There was more needle than would be witnessed at a sewing bee across the afternoon in which Youssouf Mulumbu had an eventful return to the club he graced on loan last season. He ended up being the subject of the home supporters’ rage after a series of ill-tempered tussles with Aaron Tshibola that led to both men being booked by referee Craig Thomson on the hour as he struggled to retain control.

Celtic appeared to have a grip of proceedings during this period but it laid bare their shortcomings that it was during this spell Kilmarnock found their way back into the contest. One of the many middle-of-the-park melees wherein ball and bodies bounced around resulted in Alan Power emerging in possession and feeding the ball to Burke. A full 25 yards from goal in the right channel, the winger surprised all including Gordon by lashing a low effort in at the Celtic keeper’s right-hand post.

The title holders’ response was as tame as has been their displays across a Premiership season in which they have only found the net six times in as many games. A burst through the middle from Christie forced Jamie MacDonald to save smartly down to his right but Kilmarnock never thereafter appeared unduly troubled by Celtic’s pedestrian probings.

The tables are firmly being turned on the Scottish champions and the fact they suffered that rarity of losing to a last-gasp goal is just one more example of the mounting issues for Rodgers.
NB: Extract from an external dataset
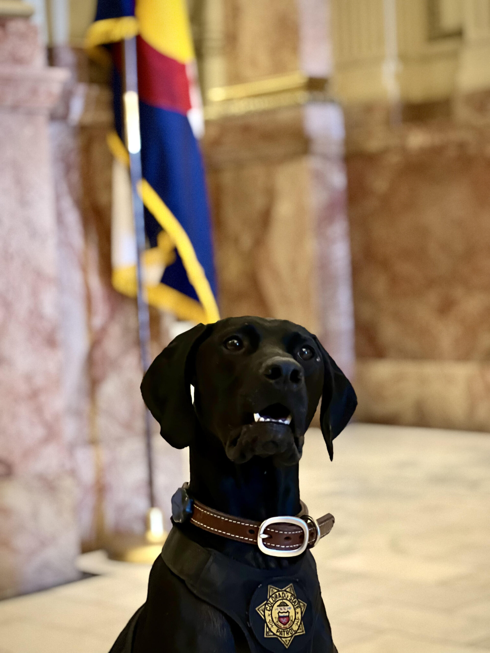 K9 Scout is a four year old German Shorthaired Pointer. He is trained in explosive detection and looks for bombs, guns and shell casings and is currently training to become certified in tracking. For the last three years he has worked for the Colorado State Patrol Executive Security Branch along side his handler, Trooper Crystal Crenshaw.
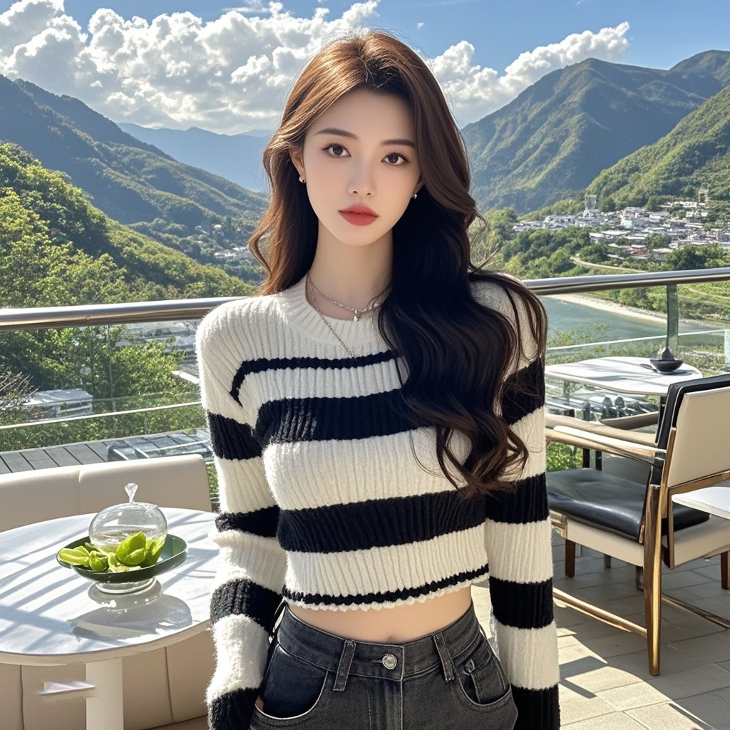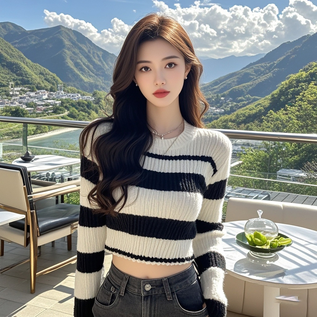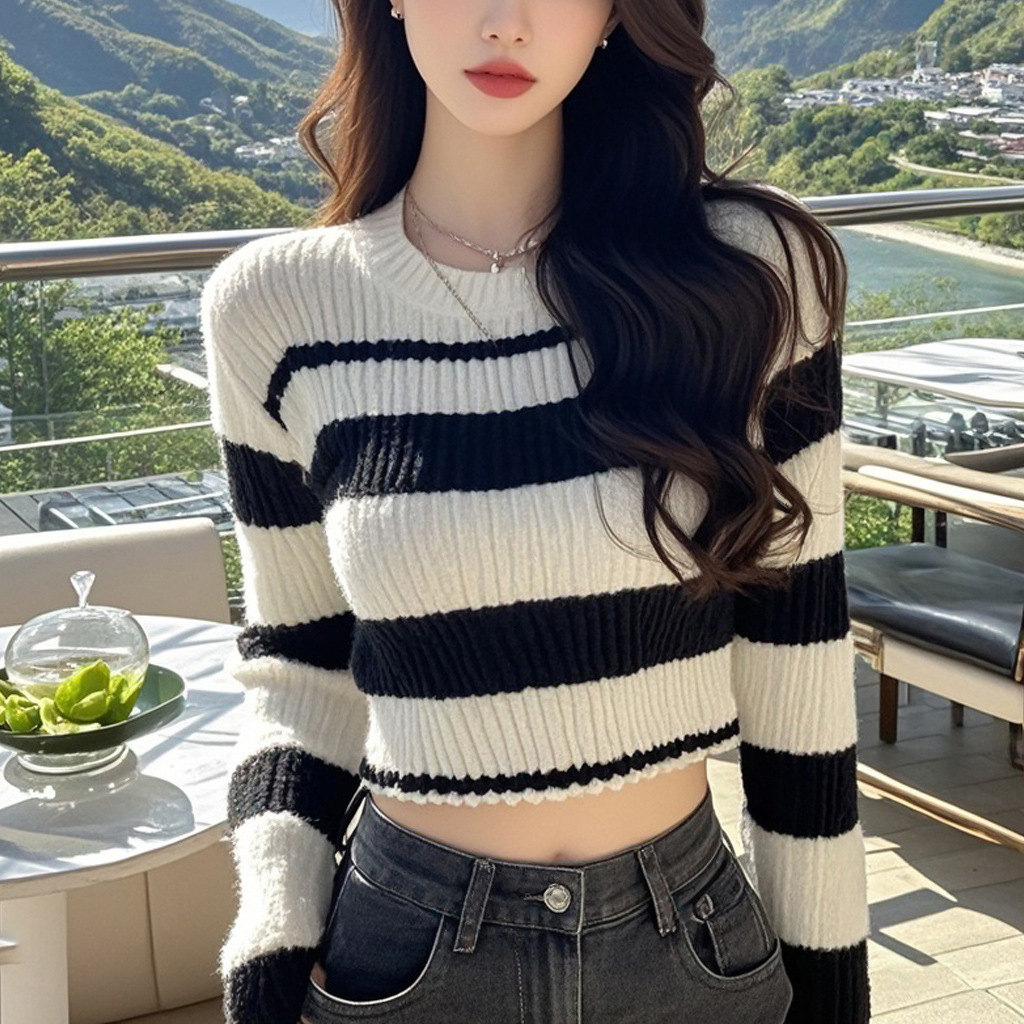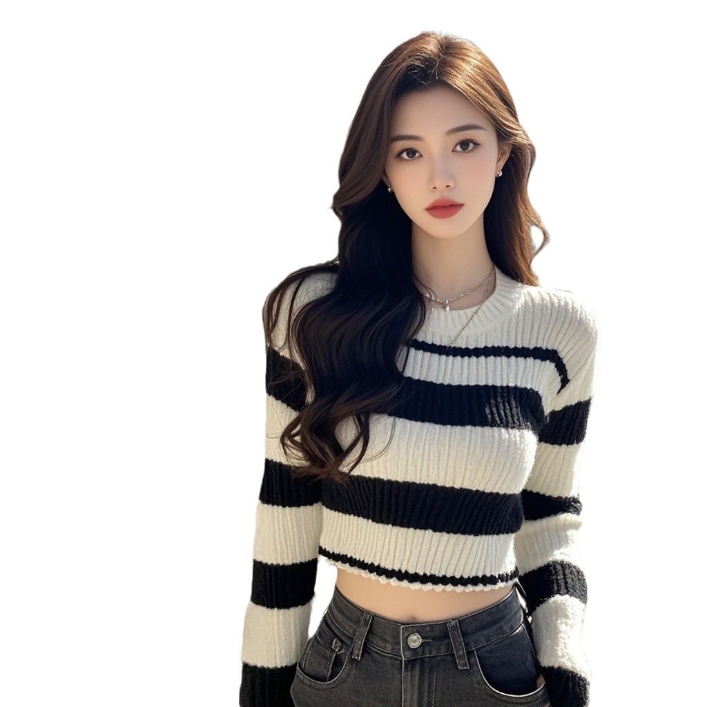 Полосатый контрастный цвет дизайн трикотажный свитер женский осенний новый маленький человек с чистым круглым вырезом с длинными рукавами темпераментный короткий топ

That Clarke was able to do a number on him again will matter less to the former West Bromwich Albion manager than the fact that the victory allowed his team to move above Celtic on goal difference. Kilmarnock won’t exactly be dusting down the bunting over that, mind you, when the two clubs sit mid-table. A status firmly in keeping with the previously inconceivable buffettings befalling Rodgers’ side.